Presurgical symptoms of anxiety and depression seem to be partly caused by knee symptoms. Understanding of this issue would offer better strategies to prevent unnecessary delay of surgery in this group of patients.

Presurgical symptoms of anxiety and depression seem to be partly caused by knee symptoms. Understanding of this issue would offer better strategies to prevent unnecessary delay of surgery in this group of patients.Creativity is a multidimensional construct. Several different approaches have been developed to measure creativity, including psychometric scales. The Runco Ideational Behavior Scale (RIBS) is one such measure of creative ideation. The primary purpose of this paper was to assess the 23 items of the RIBS in the context of the Thai language and examine scale reliability and validity. Participants, consisting of 508 undergraduate students selected from five Thai public universities, were selected through a convenience sampling approach involving both exploratory and confirmatory factor analysis. Results suggested that the Thai version of the RIBS presented a valid measure to a certain extent. Factor analysis of the empirical data indicated a two-dimensional structure. Confirmatory factor analysis (CFA) results confirmed that the two-factor construct demonstrated a better fit with improved psychometric characteristics. Six items were eliminated from the Thai RIBS version inventory five items during explanatory factor analysis (EFA) and one during the CFA process. Results will contribute to ascertaining that the Thai version of the RIBS instrument can be used as a self-assessment tool for measuring students' creative ideation. Implications and limitations of this research are discussed with suggestions for future studies.Technology improvements have rapidly advanced medicine over the last few decades. New approaches are constantly being developed and utilized. Anesthesiology strongly relies on technology for resuscitation, life-support, monitoring, safety, clinical care, and education. This manuscript describes a reverse engineering process to confirm the fit of a medical device in a pediatric patient. The method uses virtual reality and three-dimensional printing technologies to evaluate the feasibility of a complex procedure requiring one-lung isolation and one-lung ventilation. Based on the results of the device fit analysis, the anesthesiology team confidently proceeded with the operation. The approach used and described serves as an example of the advantages available when coupling new technologies to visualize patient anatomy during the procedural planning process.
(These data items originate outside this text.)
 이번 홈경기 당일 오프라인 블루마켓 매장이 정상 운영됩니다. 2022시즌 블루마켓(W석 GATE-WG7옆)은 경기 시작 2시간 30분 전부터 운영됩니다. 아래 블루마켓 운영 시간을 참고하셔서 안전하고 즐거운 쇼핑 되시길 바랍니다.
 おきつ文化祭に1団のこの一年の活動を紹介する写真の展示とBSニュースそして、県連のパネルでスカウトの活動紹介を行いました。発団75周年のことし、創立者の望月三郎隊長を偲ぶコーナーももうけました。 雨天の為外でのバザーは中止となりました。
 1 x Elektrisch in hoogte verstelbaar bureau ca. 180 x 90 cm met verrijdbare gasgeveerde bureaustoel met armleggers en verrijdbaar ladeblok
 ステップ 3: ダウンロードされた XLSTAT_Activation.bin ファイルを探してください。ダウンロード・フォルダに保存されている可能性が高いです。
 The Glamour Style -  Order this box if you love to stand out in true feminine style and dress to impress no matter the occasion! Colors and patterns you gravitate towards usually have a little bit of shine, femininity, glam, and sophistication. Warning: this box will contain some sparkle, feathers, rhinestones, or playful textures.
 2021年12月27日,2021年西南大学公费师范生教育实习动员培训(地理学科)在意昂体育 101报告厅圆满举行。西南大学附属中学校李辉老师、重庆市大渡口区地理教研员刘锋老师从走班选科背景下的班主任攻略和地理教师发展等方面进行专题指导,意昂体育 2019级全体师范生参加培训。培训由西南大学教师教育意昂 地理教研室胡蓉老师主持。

Epidemiological injury surveillance in professional sports is often based on online media analysis in order to collect necessary data. However, the validation of this study protocol is lacking. Therefore, this study aimed to identify the validity of injury surveillance in men's professional team sports based on media reports.

In a retrospective cohort study, the validity of media-data-relating injuries was investigated in participating teams of the highest two German divisions in men's professional basketball (BB) and handball (HB) in the season 2018/2019. Injury protocols completed by the team physicians were compared to those of sports media injury reports.
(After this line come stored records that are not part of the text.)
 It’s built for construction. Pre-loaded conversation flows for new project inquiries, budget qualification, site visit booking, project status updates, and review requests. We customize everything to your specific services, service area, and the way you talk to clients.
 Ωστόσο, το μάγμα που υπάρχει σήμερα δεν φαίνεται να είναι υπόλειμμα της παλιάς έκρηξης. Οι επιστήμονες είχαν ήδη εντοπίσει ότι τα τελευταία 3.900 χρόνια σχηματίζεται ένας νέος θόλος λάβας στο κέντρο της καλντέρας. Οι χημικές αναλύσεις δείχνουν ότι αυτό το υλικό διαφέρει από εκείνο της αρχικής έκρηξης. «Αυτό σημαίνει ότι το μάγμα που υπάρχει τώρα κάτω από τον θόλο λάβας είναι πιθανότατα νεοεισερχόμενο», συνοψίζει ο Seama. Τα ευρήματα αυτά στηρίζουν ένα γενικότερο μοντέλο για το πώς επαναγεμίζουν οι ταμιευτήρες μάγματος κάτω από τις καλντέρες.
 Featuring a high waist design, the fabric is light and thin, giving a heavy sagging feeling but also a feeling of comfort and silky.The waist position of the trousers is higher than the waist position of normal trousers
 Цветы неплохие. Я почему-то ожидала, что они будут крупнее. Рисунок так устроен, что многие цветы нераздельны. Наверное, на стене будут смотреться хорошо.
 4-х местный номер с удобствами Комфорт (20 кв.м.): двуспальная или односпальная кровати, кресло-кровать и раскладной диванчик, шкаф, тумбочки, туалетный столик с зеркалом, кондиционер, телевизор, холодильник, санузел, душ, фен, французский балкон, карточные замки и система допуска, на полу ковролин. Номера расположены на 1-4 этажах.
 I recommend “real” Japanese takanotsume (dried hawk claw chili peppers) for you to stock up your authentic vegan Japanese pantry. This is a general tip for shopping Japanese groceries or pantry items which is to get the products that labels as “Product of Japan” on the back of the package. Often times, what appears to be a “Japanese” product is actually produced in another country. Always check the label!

The study population was composed of 133 athletes (54 BB and 79 HB). Of 343 injuries reported by the team physicians, 151 (44%) could be identified by means of sports media reports. Severe injuries (n = 75, 72%) were reported more likely in sports media compared to less severe injuries (n = 76, 32%, p < 0.00001). Odds ratio (OR) was 5.33 (95% CI 3.22-8.82). No differences regarding injury reporting could be seen between the two team sports.
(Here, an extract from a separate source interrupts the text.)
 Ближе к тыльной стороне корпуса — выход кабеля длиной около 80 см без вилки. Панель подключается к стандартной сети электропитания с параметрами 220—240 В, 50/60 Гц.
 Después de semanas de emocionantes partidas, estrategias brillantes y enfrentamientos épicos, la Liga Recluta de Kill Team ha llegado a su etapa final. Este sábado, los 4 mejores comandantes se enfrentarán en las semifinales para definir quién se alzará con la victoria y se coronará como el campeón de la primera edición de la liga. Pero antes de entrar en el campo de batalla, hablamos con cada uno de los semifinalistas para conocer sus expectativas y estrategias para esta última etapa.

For severe injuries, media analysis may be a sufficient method for data collection in popular men's professional ball sports. An underestimation of true injury prevalence lies within the range of previous reported investigations concerning the validation of injury surveillance methods. Non-severe injuries could not be verified via media analysis in professional handball and basketball.

For severe injuries, media analysis may be a sufficient method for data collection in popular men's professional ball sports. An underestimation of true injury prevalence lies within the range of previous reported investigations concerning the validation of injury surveillance methods. https://www.selleckchem.com/products/cx-5461.html Non-severe injuries could not be verified via media analysis in professional handball and basketball.

No widely accepted evidence-based indications exist for the initial surgical management of patients with anterior cruciate ligament (ACL) injuries ≥ 40years old, and treatment for these patients remains controversial. This study aimed to evaluate the association between elapsed time from ACL injury to surgery and the incidence of meniscal tears and chondral injury in patients aged ≥ 40years.

The patients who underwent primary ACL reconstruction were divided into two groups based on elapsed time from injury to surgery early group, < 12months; and delayed group, ≥ 12months. Patient records were reviewed for incidence and types of meniscal tears and chondral injuries in each group. Chondral injury grades were evaluated with International Cartilage Regeneration and Joint Preservation Society (ICRS) Criteria.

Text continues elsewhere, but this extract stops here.